MLA for Yarmouth County
- In office 1886–1900
- Preceded by: Thomas Corning
- Succeeded by: Augustus Stoneman

Personal details
- Born: August 5, 1833 Belfast, Ireland
- Died: November 21, 1901 (aged 68) Yarmouth, Nova Scotia
- Party: Liberal
- Spouse: Mary Brown
- Occupation: merchant

= William Law (Canadian politician) =

Canadian politician (1833–1901)

William Law (August 5, 1833 - November 21, 1901) was a merchant and political figure in Nova Scotia, Canada. He represented Yarmouth County in the Nova Scotia House of Assembly from 1886 to 1900 as a Liberal member.

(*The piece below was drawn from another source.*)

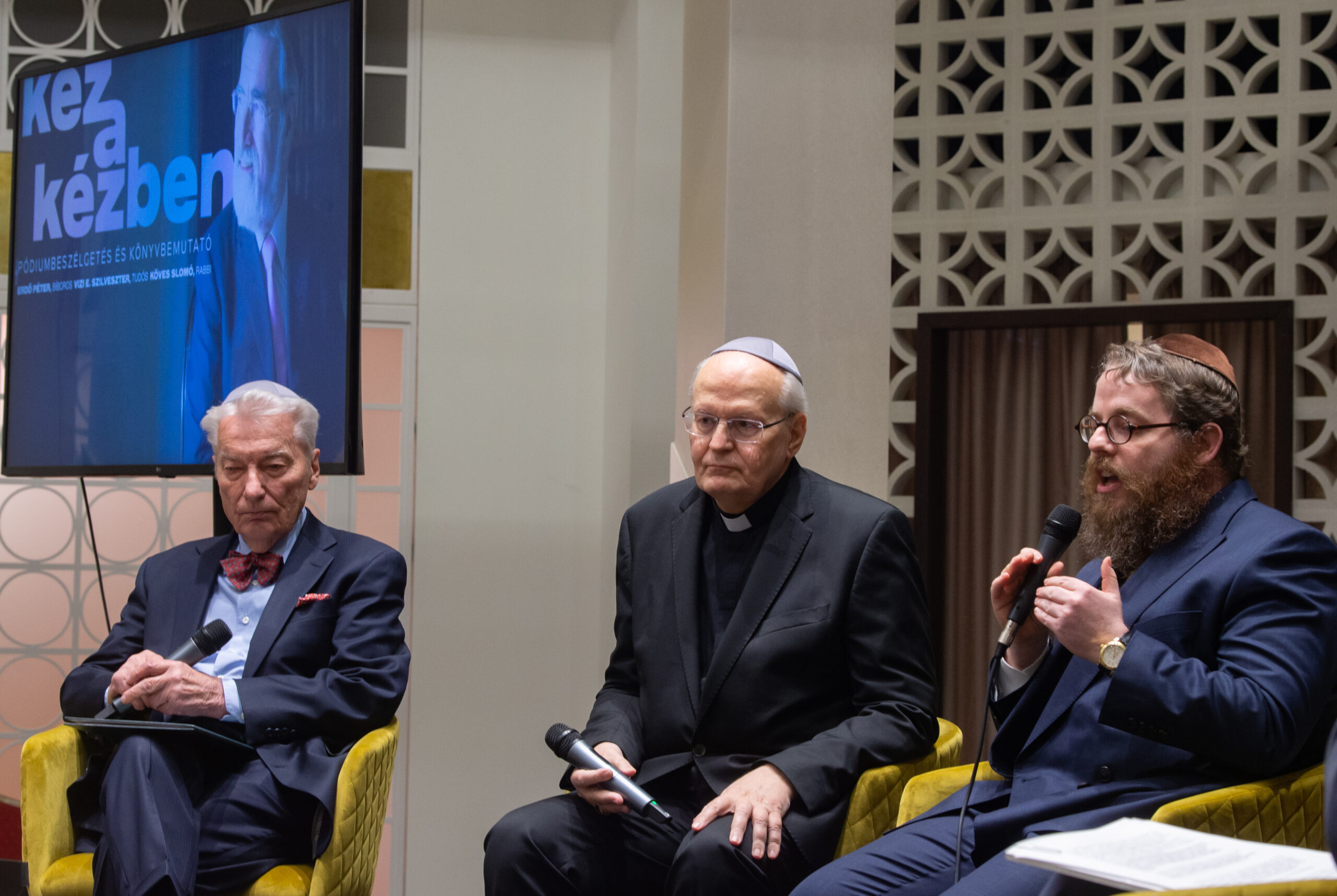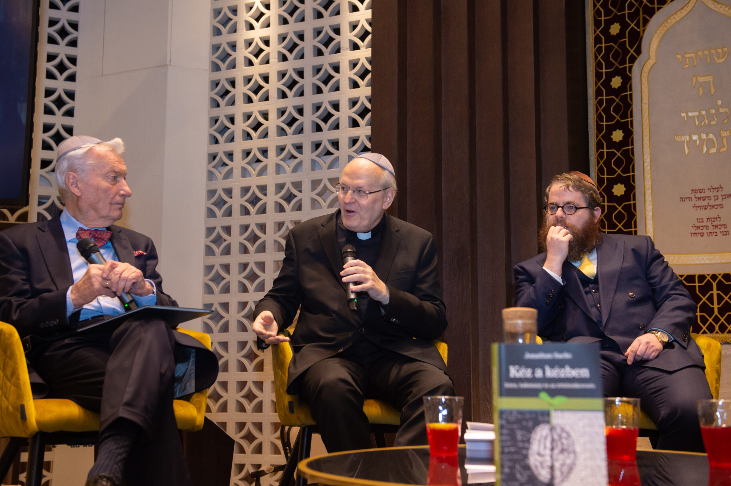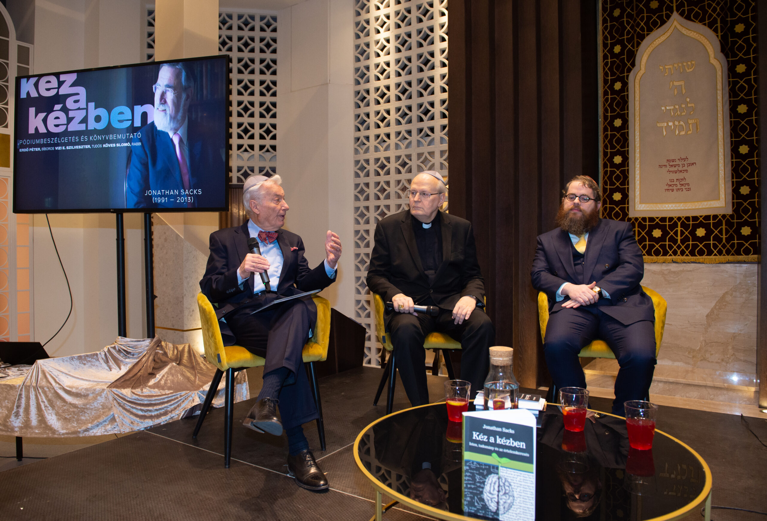 Kéz a kézben címmel először jelent meg magyar nyelven a Brit Nemzetközösség két éve elhunyt főrabbijának, Lord Jonathan Sacks-nek könyve. A mű bemutatója alkalmából Erdő Péter bíboros, Esztergom-Budapesti főegyházmegye érseke, Vizi E. Szilveszter az MTA volt elnöke és Köves Slomó, az EMIH vezető rabbija beszélgetett a könyvről, illetve a vallás és tudomány kapcsolatáról.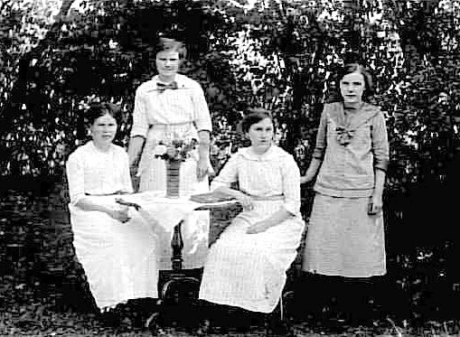 FYRA KVINNOR VID ETT BORD I TRÄDGÅRDEN.

He was born in Belfast, Ireland and came to Yarmouth, Nova Scotia in October 1847. Two years later, Law moved to Oxford, Massachusetts; he returned to Yarmouth in 1855. In 1854, he married Mary A. Brown. With Brown he had a son Bowman Brown Law. His firm, William Law and Company was involved in shipping and insurance. Law also served as a justice of the peace. He married Annie T. Gilman in 1900 after the death of his first wife. He was named to the province's Legislative Council in 1901 and served until his death later that year in Yarmouth.